◆ TASK DIRECTIONS ◆
Write out every line exactly, from the first line of the records below through the line that contains "Samsun Borsa Başkanı".
━━ ENTRIES PROVIDED
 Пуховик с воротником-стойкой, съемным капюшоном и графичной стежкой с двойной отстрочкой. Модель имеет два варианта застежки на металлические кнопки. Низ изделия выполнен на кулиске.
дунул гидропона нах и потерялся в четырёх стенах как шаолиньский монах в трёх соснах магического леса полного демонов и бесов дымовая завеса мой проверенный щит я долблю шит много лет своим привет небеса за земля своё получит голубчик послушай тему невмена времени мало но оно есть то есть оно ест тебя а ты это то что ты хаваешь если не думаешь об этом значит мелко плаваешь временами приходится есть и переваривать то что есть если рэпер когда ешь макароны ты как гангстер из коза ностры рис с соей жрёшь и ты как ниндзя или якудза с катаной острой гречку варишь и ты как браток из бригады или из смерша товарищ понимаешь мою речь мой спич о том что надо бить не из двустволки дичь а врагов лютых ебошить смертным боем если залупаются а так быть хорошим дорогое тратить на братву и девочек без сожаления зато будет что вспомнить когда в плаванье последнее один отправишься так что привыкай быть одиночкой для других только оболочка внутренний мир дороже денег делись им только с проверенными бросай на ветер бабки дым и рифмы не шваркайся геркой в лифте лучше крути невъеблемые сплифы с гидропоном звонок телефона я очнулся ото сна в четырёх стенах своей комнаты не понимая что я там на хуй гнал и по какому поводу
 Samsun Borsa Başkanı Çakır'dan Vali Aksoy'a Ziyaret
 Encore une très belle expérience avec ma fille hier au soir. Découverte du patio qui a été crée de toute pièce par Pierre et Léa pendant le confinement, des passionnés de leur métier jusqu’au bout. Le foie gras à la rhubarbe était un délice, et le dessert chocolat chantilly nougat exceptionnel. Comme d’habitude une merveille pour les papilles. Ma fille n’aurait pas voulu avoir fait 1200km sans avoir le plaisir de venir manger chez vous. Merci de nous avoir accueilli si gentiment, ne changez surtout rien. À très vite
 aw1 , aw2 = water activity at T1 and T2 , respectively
━━━━
◆ TASK RESPONSE ◆
 Пуховик с воротником-стойкой, съемным капюшоном и графичной стежкой с двойной отстрочкой. Модель имеет два варианта застежки на металлические кнопки. Низ изделия выполнен на кулиске.
дунул гидропона нах и потерялся в четырёх стенах как шаолиньский монах в трёх соснах магического леса полного демонов и бесов дымовая завеса мой проверенный щит я долблю шит много лет своим привет небеса за земля своё получит голубчик послушай тему невмена времени мало но оно есть то есть оно ест тебя а ты это то что ты хаваешь если не думаешь об этом значит мелко плаваешь временами приходится есть и переваривать то что есть если рэпер когда ешь макароны ты как гангстер из коза ностры рис с соей жрёшь и ты как ниндзя или якудза с катаной острой гречку варишь и ты как браток из бригады или из смерша товарищ понимаешь мою речь мой спич о том что надо бить не из двустволки дичь а врагов лютых ебошить смертным боем если залупаются а так быть хорошим дорогое тратить на братву и девочек без сожаления зато будет что вспомнить когда в плаванье последнее один отправишься так что привыкай быть одиночкой для других только оболочка внутренний мир дороже денег делись им только с проверенными бросай на ветер бабки дым и рифмы не шваркайся геркой в лифте лучше крути невъеблемые сплифы с гидропоном звонок телефона я очнулся ото сна в четырёх стенах своей комнаты не понимая что я там на хуй гнал и по какому поводу
 Samsun Borsa Başkanı Çakır'dan Vali Aksoy'a Ziyaret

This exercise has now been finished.